I'm cautiously optimistic about these developments. For many young people, using a computer screen to complete a voter registration form will be a much more user-friendly experience than filling out a paper form. However, the state lacks standards, statutes and regulations to specifically govern these signatures and their use in elections and voting. All of the election statutes that exist today are based on the presumption that voters are signing on paper, not an e-pad. And as anyone who has signed with an e-pad knows, the signature that results may only vaguely resemble one made on paper. If registrars are to verify an absentee ballot request that comes in on paper against a voter registration form signature that was made on an e-pad, will they be able to successfully do so?
Other counties may follow Santa Clara's lead and given the absence of a robust statewide voter registration database that would facilitate online voter registration, the Verafirma technology may be the next best avenue for utilizing new technology to get more of California's 6.5 million nonregistered, eligible voters into the voting habit.
For more on these developments, see Ken McLaughlin's May 14 story in the San Jose Mercury news. Excerpts are featured below.

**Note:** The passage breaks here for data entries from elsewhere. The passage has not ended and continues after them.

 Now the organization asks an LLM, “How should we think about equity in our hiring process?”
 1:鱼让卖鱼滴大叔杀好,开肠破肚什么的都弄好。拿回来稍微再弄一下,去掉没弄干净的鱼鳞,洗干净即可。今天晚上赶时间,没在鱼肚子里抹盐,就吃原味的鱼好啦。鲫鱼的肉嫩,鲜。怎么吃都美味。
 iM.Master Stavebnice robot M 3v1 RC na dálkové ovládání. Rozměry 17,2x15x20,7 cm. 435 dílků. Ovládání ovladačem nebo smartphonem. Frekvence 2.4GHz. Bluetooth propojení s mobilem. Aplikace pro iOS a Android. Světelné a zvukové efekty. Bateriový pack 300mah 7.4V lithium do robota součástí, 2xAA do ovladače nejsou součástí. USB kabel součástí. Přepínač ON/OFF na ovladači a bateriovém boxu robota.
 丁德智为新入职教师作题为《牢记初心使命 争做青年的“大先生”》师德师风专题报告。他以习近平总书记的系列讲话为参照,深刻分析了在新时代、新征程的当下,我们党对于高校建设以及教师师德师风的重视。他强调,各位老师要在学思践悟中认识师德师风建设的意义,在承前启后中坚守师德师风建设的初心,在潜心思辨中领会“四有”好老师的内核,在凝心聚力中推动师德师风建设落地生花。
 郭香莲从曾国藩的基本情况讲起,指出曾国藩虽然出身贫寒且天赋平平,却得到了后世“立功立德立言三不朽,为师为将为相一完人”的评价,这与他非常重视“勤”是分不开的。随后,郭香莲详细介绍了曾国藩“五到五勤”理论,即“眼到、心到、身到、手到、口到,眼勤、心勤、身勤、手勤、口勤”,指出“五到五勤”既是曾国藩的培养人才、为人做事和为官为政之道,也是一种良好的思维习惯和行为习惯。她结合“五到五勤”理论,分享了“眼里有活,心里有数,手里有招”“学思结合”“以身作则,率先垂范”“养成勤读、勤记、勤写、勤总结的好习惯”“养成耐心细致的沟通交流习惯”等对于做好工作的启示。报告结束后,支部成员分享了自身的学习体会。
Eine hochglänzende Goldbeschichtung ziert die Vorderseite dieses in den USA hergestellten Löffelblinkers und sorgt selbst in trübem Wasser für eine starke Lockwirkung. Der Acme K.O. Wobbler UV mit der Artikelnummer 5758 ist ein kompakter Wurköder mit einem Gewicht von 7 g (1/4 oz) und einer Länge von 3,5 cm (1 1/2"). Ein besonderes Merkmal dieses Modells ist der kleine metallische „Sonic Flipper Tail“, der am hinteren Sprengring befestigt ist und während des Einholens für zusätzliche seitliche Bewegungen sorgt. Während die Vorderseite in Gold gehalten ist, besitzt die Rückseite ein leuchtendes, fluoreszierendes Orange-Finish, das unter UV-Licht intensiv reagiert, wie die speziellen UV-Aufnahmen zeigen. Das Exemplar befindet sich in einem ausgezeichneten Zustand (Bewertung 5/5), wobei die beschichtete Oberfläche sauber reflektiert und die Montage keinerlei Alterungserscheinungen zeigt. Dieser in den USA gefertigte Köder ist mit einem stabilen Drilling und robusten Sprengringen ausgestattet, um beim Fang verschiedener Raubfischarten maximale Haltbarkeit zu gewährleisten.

Some election officials have raised concerns about possible voter fraud, as well as privacy and security issues, in regard to electronic signatures. But the founders of Verafirma point out that Wells Fargo Bank is so confident in the technology that it allows customers to open a bank account with an electronic signature.
The new technology also appears to be speeding ahead of current election laws. Nicole Winger, spokeswoman for California Secretary of State Debra Bowen, expressed some concern that the state's election codes don't mention things such as the three-year-old iPhones or the brand-new iPad. But Bowen does not have the authority to tell the county registrar to reject the signatures of the Santa Clara County voters who agreed to be guinea pigs, Winger said. Unless someone sues to stop Durazo from registering the voters, the electronic signatures will stand.
Barry, who called electronic signatures "the future of voter registration," said Verafirma has developed new software on a website that will allow people to use the National Voter Registration Act form to produce a "secure electronic signature" in the same way shoppers sign their name after swiping a credit card at supermarkets and large drugstores.
I guess e-signature systems accomplish most of these functions in one technology. The electronic signature authenticates the voter at the same time that it protects privacy and security. Good post!